In Aspen fuhr die Auswahl mit Lena Dürr, Marina Wallner, Stefan Luitz und Linus Straßer auf den zweiten Platz. Erst im Finale musste sich die Truppe, bei der Routinier Felix Neureuther auf einen Start verzichtet hatte, den Schweden geschlagen geben. Auf Rang drei landete Weltmeister Frankreich dank eines Erfolgs gegen Italien.

Das Team des Deutschen Skiverbands (DSV) feierte damit eine frühe, aber gelungene Generalprobe für die Winterspiele 2018 in Pyeongchang, wo der Team-Event in rund elf Monaten erstmals olympisch sein wird. "Da gibt es Medaillen, und darauf legen wir wert", sagte Straßer.

Beim 1:3 gegen die Skandinavier war ihm der Ehrenpunkt gelungen. Der einzige deutsche Weltcup-Sieger dieser Saison gewann alle seine drei Rennen: in der ersten Runde gegen die Schweiz, als nach einem 2:2 die Zeitdifferenz den Ausschlag gab; beim souveräneren 3:1 im Halbfinale gegen die Italiener; und im Finale am Ende auch gegen Schweden.

Der Münchner war bei den Weltmeisterschaften in St. Moritz nicht zum Einsatz gekommen, weil ihn die Teamchefs in der ersten Runde schonen wollten und stattdessen Neureuther aufstellten. Dabei aber verpokerte sich das Team und schied gegen die Slowakei aus. "Natürlich will man sich irgendwo beweisen und zeigen, dass man es drauf hat", sagte Straßer. "Ich glaube, ich habe heute eine gute Antwort gegeben."
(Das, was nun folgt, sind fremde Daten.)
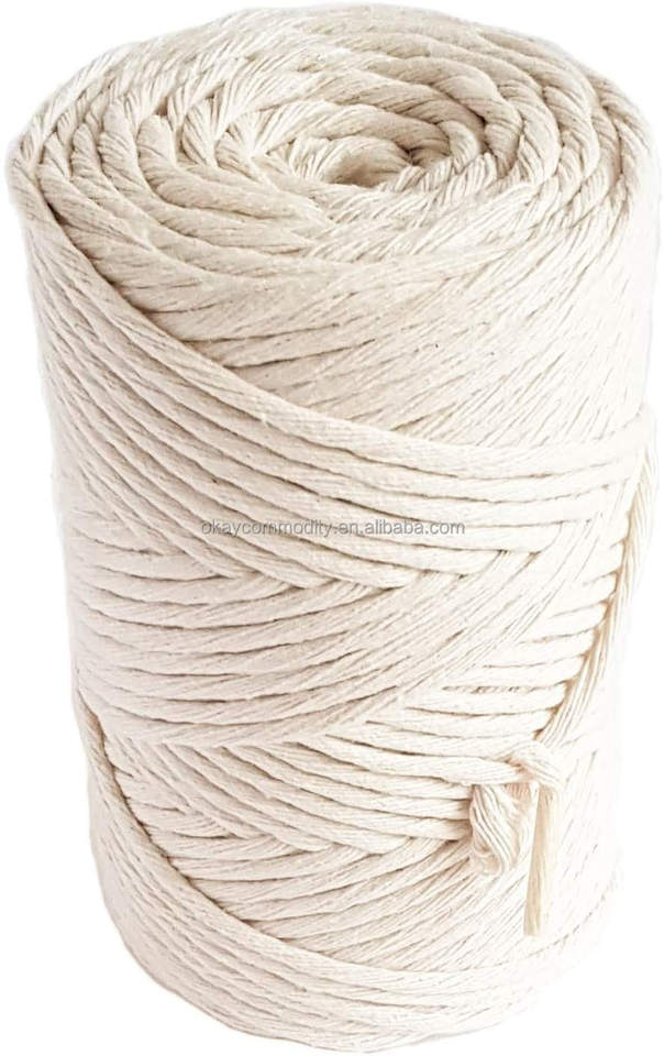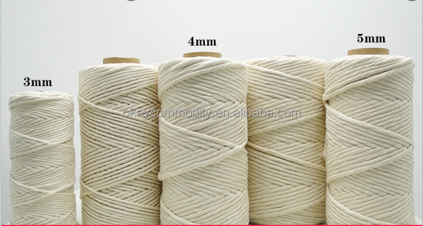 Okay Wholesale Cordon en macramé à cordes naturelles 3mm 4mm 5mm Corde en coton à torsion unique Longueur personnalisée Corde torsadée

Routinier Neureuther konzentriert sich in den Rocky Mountains auf den Riesentorlauf am Samstag (16.00/18.30 Uhr MEZ) und den Slalom tags darauf (18.00/19.30 Uhr MEZ). "Der Felix hat uns hergeschickt, und wir haben das ganz gut gemacht", erzählte Luitz in der ARD und fand: "Wenn man zusammen so etwas schafft, dann ist das Wahnsinn." Er selbst hatte im Finale eine Torstange gegen den Kopf geschlagen bekommen und war mit kräftigen Ohrenschmerzen ausgeschieden.

Für Luitz sowie Dürr und Wallner stehen am Samstag die letzten Saisonrennen an. Straßers Abschluss ist für Sonntag vorgesehen.